O01_03

Machine learning approach to analyze DNA-encoded library screening data for hit identification

Syunya SUZUKI *Kazuma KAITOHYoshihiro YAMANISHI

Graduate School of Informatics, Nagoya University
( * E-mail: suzuki.syunya.h7@s.mail.nagoya-u.ac.jp )

DNA-encoded library (DEL) is a new technology for hit compound screening, where each compound in the DEL has a DNA tag whose sequence identifies the structure of the compound. Typically, a DEL is composed of millions or billions of compounds, and DEL is expected to contribute to reduction of the cost and time for identifying hit compounds in the pharmaceutical industry. Each compound in the DEL has a central scaffold that is directly linked to a DNA tag and associated side chain structures. Amplifying the DNA tags of compounds that interact with the target protein using PCR and reading them using next-generation sequencing enable us to detect compound-target protein interactions. However, compounds often interact not only with the target protein but also with the matrix that immobilizes the target protein. At the stage of amplifying and reading the DNA tags, it is not possible to distinguish between compounds that interact with the target protein and those with the immobilizing matrix. Therefore, frequently observed false positive hits are a serious obstacle in the DEL screening.

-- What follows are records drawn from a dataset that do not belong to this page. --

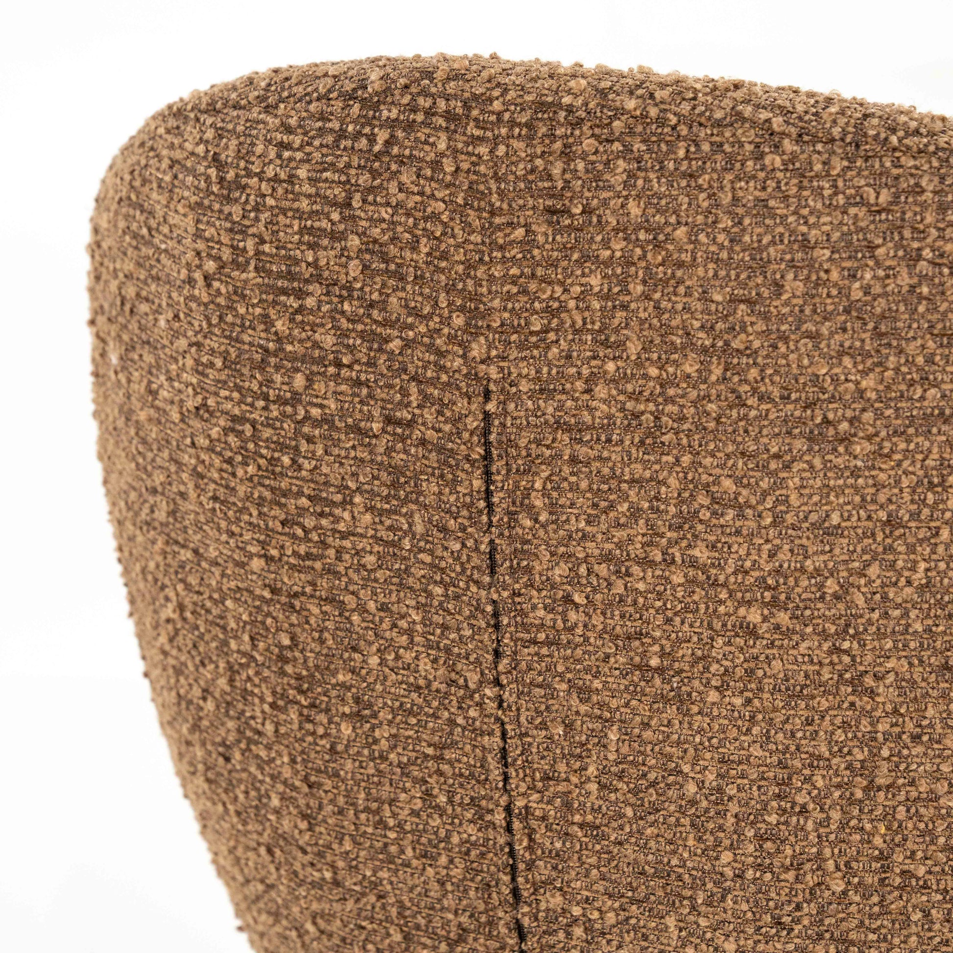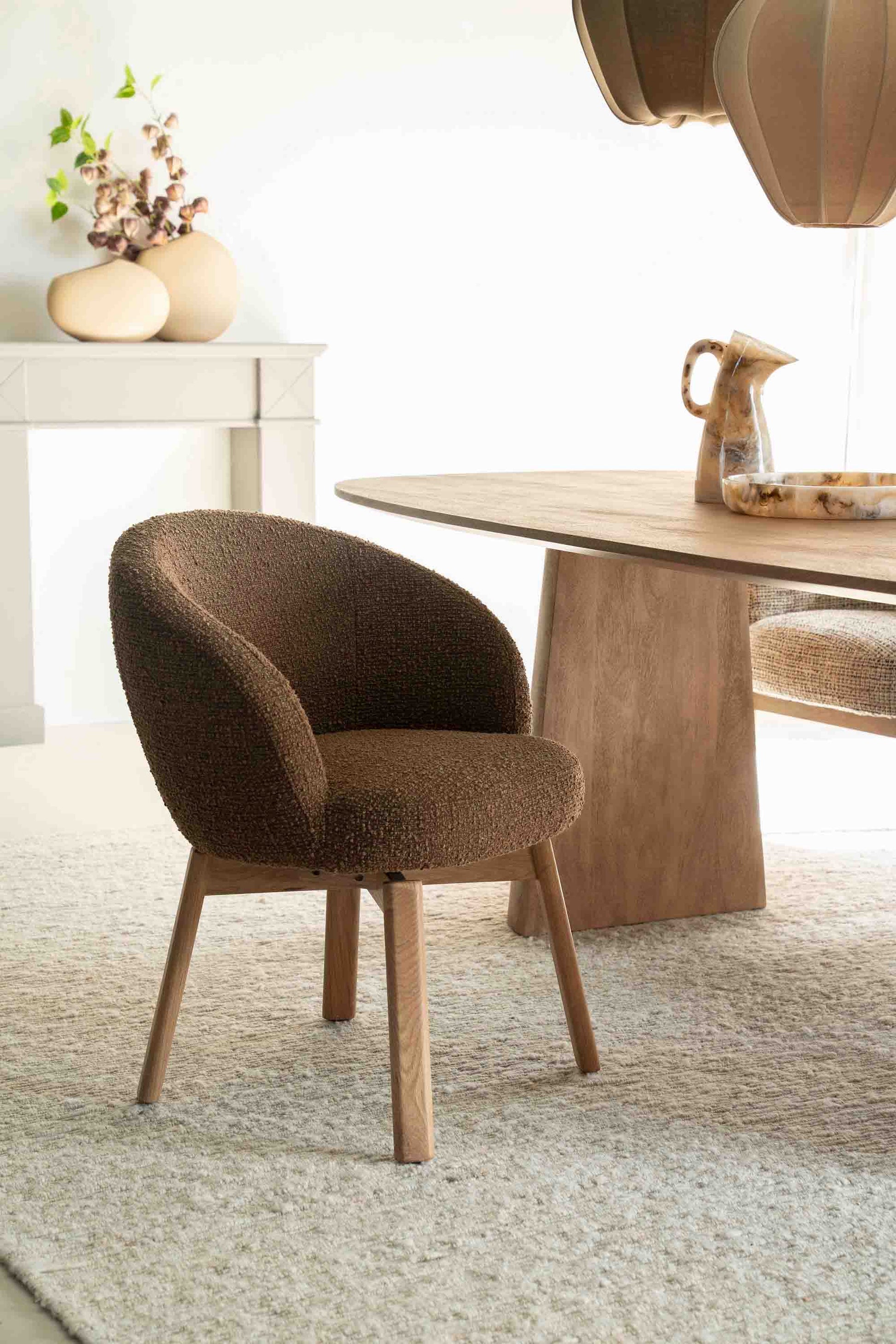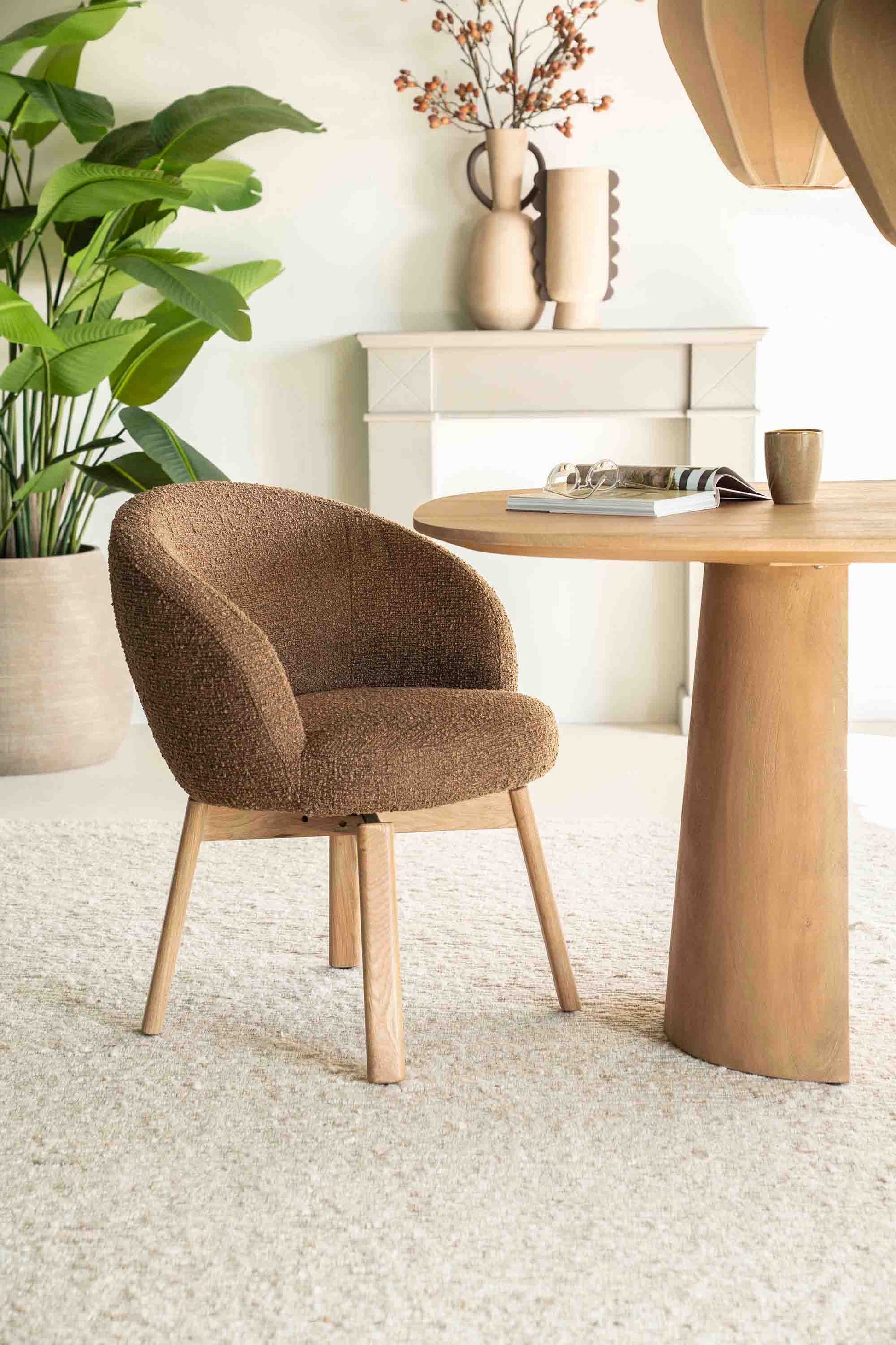 Elegant spisestol med avrundet rygg og myk polstring i lyst boucléstoff. De skrå bena i naturlig eik gir stolen et varmt og moderne uttrykk, mens den runde formen innbyr til lange, komfortable måltider. En perfekt kombinasjon av skandinavisk enkelhet og luksuriøs komfort.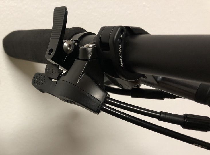Den serienmäßigen Vario-Remote-Hebel habe ich "umgekehrt" montiert - ist so für mich ergonomischer. Die Optik finde ich ebenfalls absolut ok - jedenfalls denke ich nicht, dass der Twinloc hier sehr viel oder überhaupt besser aussieht. Ziel wäre natürlich links und rechts nur eine Schelle (die der XTR M9100 Bremse) zu haben.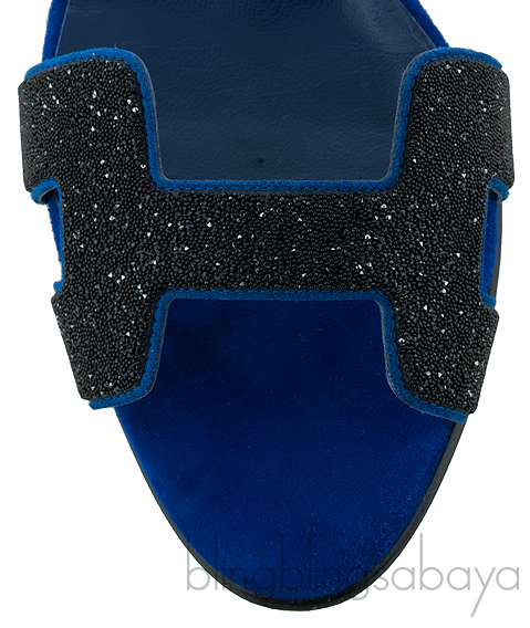 This classy Night 70 Blue Slingback Sandals from Hermes is crafted in luxurious blue suede goat leather with tonal stitching. This features an iconic "H" vamp with crystal powder in black, permabrass buckle slingback, round open toe, black lining and has small comfortable heels measuring 2.75 " / 7 cm.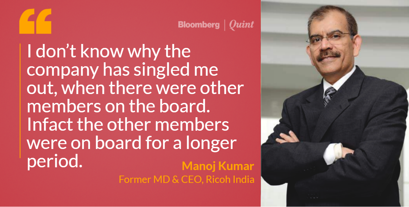 Since then Manoj Kumar has been replaced by another Ricoh India old-timer AT Rajan. Kumar has also been named in a petition filed by the Japanese parent at the National Company Law Tribunal seeking to investigate and punish those responsible for a Rs 1,123 crore fraud.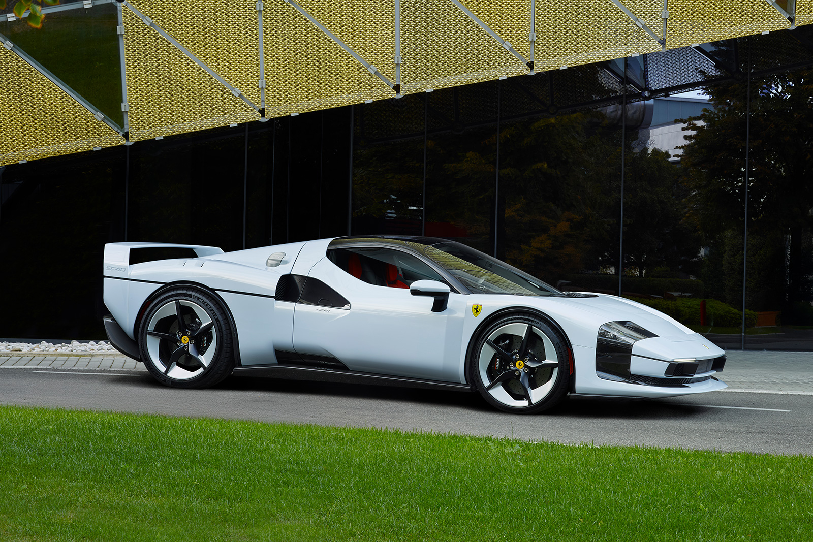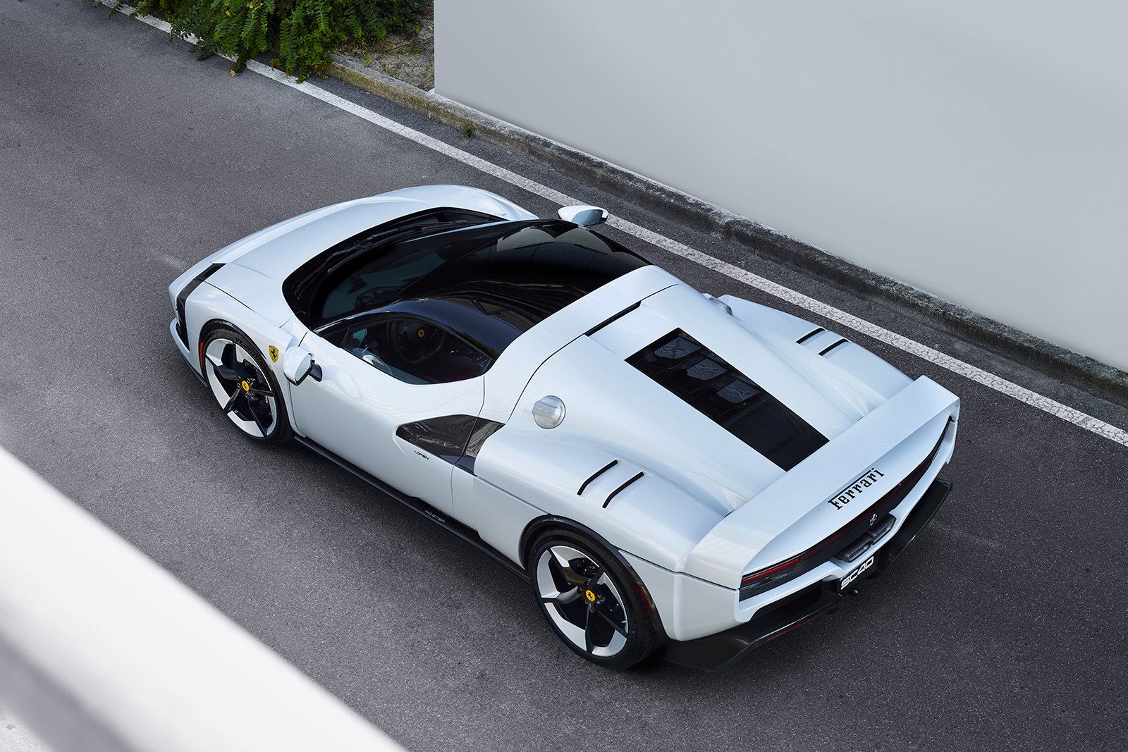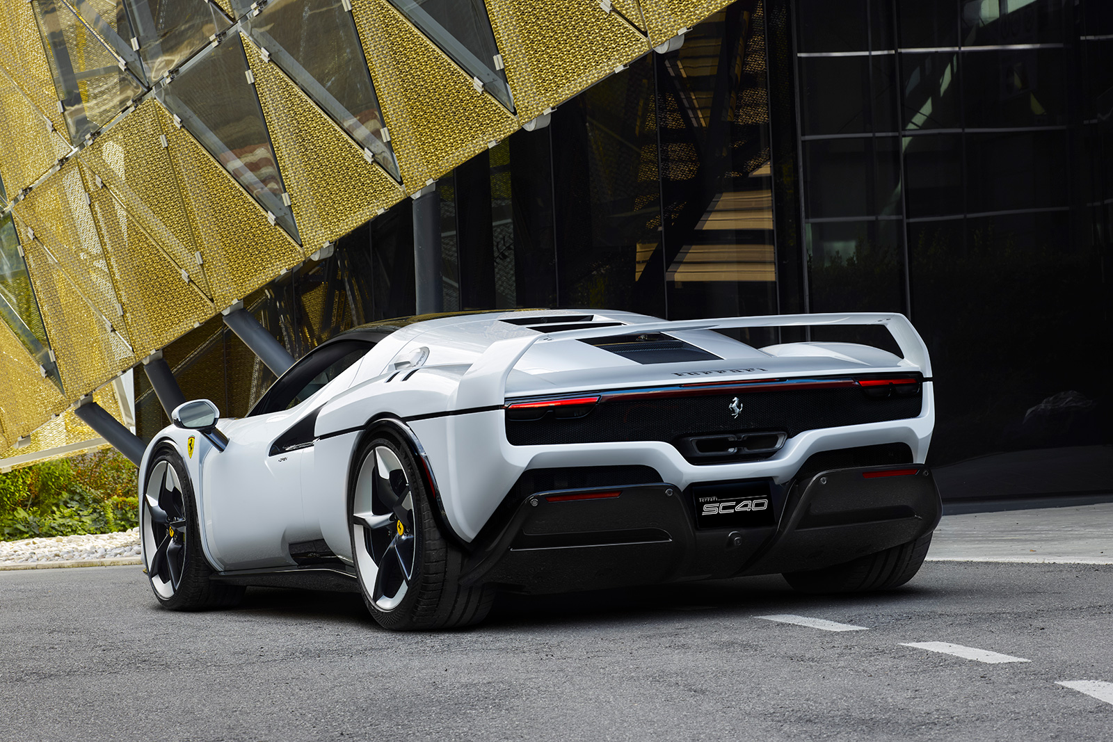 外装色SC40ホワイトは、このモデル専用に開発されたもので、太陽光の下でボディの曲線美を際立たせ、インテリアのカーボン・ケブラー素材を想起させるクールな色調を持つ。SC40ロゴは、車体右側のみに配置。燃料および充電キャップは、ブラッシュ仕上げのアルミ製で、リアエンジンカバーには逆彫りでFerraiロゴが配され、カーボン地が透けるデザインになっている。また専用デザインのホイールは、ダイヤモンドカットのブラッシュメタルとブラックスポークを組み合わせ、幾何学的な造形を強調している。

In this study, we proposed a machine learning approach to distinguish true positive hits and false positive hits in the DEL screening. We constructed a discrimination model to extract the substructures involved in false positive compounds based on the results of DEL screening in which the target protein was immobilized on a fixed support and the results of screening in which only one fixed support was used. The proposed method successfully identified compounds that interacted with the target protein and those with the immobilizing matrix separately, and the use of the Shapley value of the discriminant model contributed to the extraction of the substructures involved in the interaction with the target molecule and those with the immobilizing matrix. The proposed approach is expected to be useful for distinguishing false positive hits in the DEL screening analysis and for designing DELs consisting of compounds that avoid interactions with the immobilizing matrix.